I appreciate that that is true, but I can't really accept that as an explanation for *why* - as it just puts into an equation what I sort of already knew - I suppose the question I really want to ask is "what is gravity?"...

___

So $$\frac{GM_1 M_2}{d^2}$$ gives the force with which one object's 'gravity' will pull on another object? What is G in the equation? How do you define/calculate it?

___

I'm sorry if I'm annoying you - the only explanation my physics teacher provides is 'because God made it that way'...

 

[neutrino]

the only explanation my physics teacher provides is 'because God made it that way'...

What?

As to your question, G is a constant, which has a value of approximatley 6.67 x 10¹¹ Nm²Kg^-2 in the SI units.

This site might be helpful
http://hyperphysics.phy-astr.gsu.edu/hbase/grav.html#grav

 

[robphy]

I appreciate that that is true, but I can't really accept that as an explanation for *why* - as it just puts into an equation what I sort of already knew - I suppose the question I really want to ask is "what is gravity?"...

___

So $$\frac{GM_1 M_2}{d^2}$$ gives the force with which one object's 'gravity' will pull on another object? What is G in the equation? How do you define/calculate it?

___

I'm sorry if I'm annoying you - the only explanation my physics teacher provides is 'because God made it that way'...
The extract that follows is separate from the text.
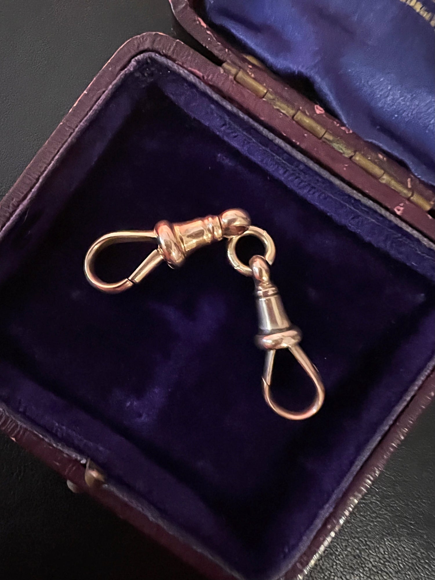 A super chunky early Edwardian dogclip made of 9ct gold with a slight rose patina.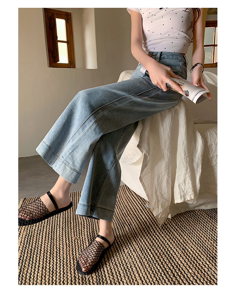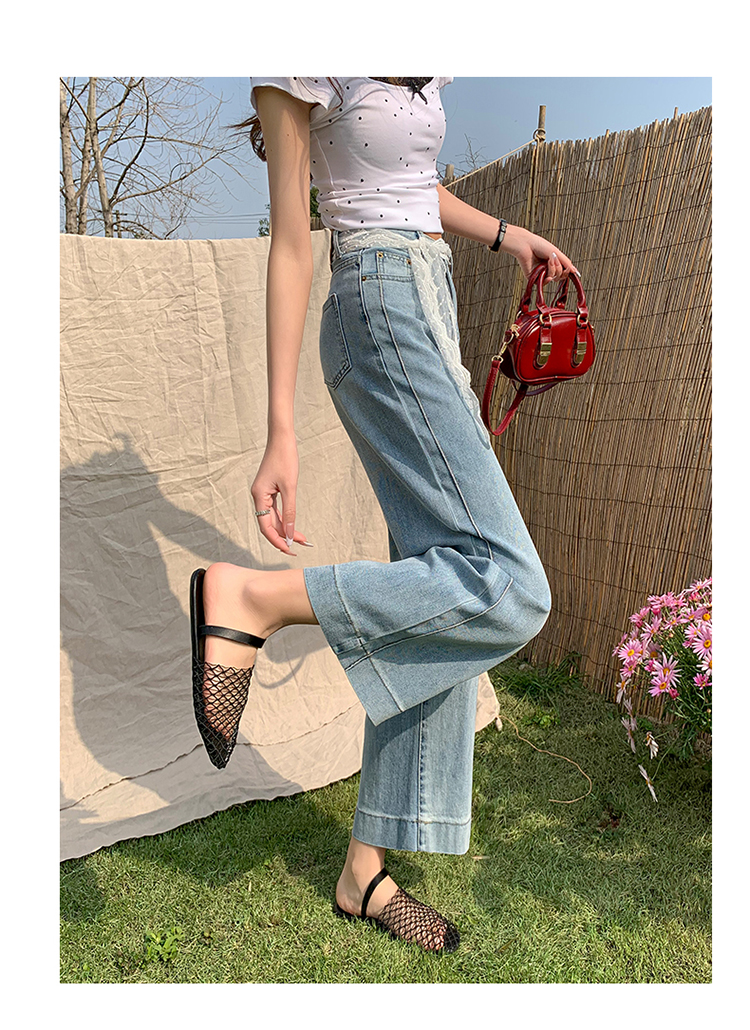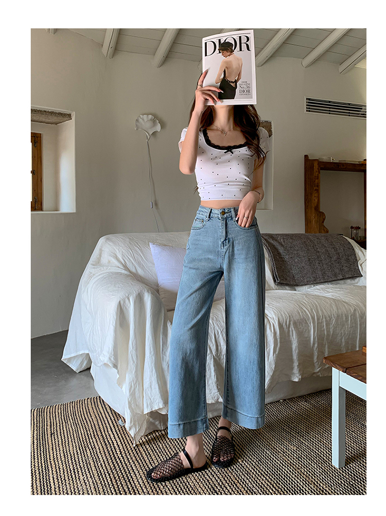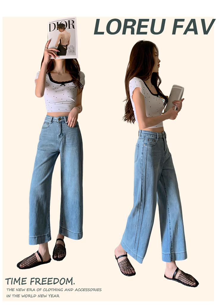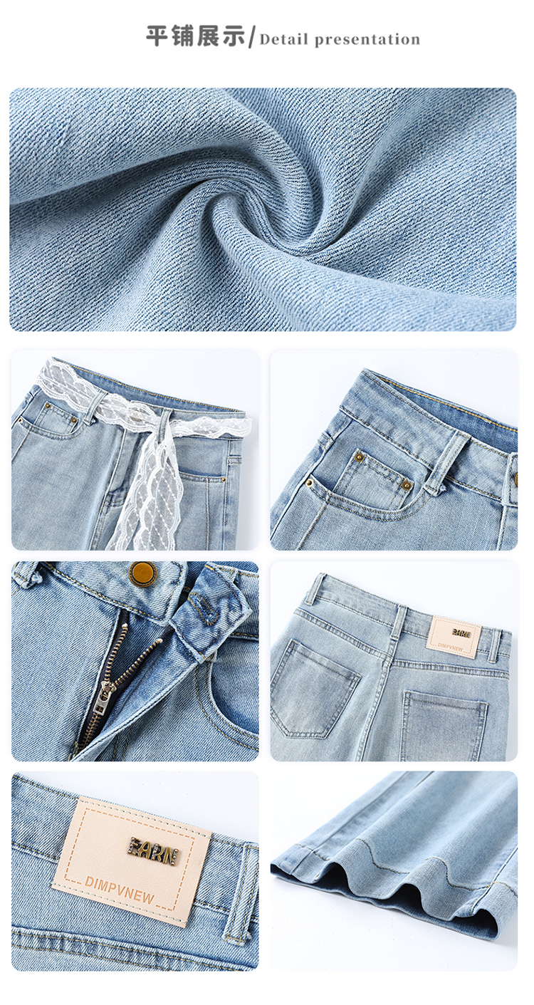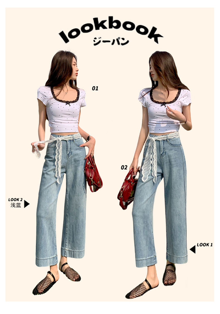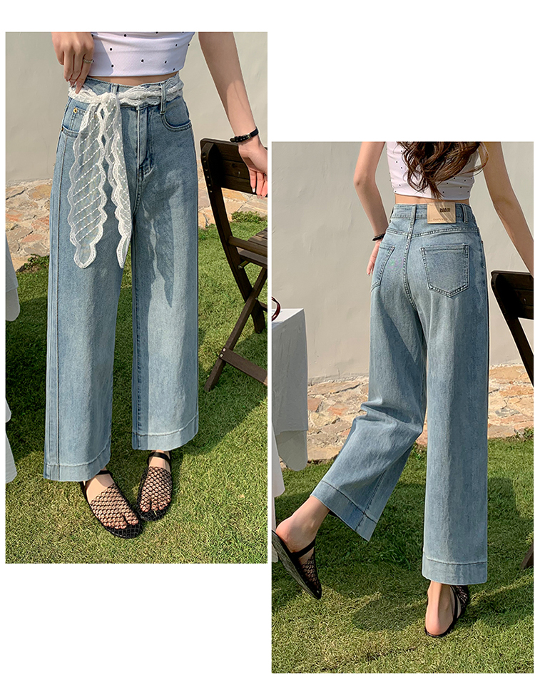 浅色阔腿牛仔裤女春2026新款蕾丝系带高腰直筒宽松显瘦九分烟管裤

We don't really know why... although experiment shows that it's a pretty good description of gravity.
A lot current research is interested in understanding why...
...but to get there we have to understand as much as we can about it...
including what its implications are and how it can be checked against experiment.

 

[barnaby]

What?

That's what happens when you're taught science by someone who believes in Intelligent Design... :uhh:

Thanks for the link.

 

[Parlyne]

Don't feel to bad about being troubled by this particular property of gravity. No less a figure than Einstein found this issue troublesome - so much so that it led rather directly to the formulation of general relativity. Conceptually, the argument is something like this - other than gravity, every time we see a force proportional to the mass of the object it's acting on, it turns out that the force is really just the effect of the object's inertia when viewed in a non-inertial frame of referece. The canonical example of this is the centrifugal force. When you're in a rotating frame of reference (a car making a turn, a rollercoaster on a loop-the-loop, etc.), you feel like you're being pushed outwards from the center of rotation, when, in fact, what's really happening is that you're being pulled away from the straight-line path that inertia would have you take in the absence of the force causing your circular motion.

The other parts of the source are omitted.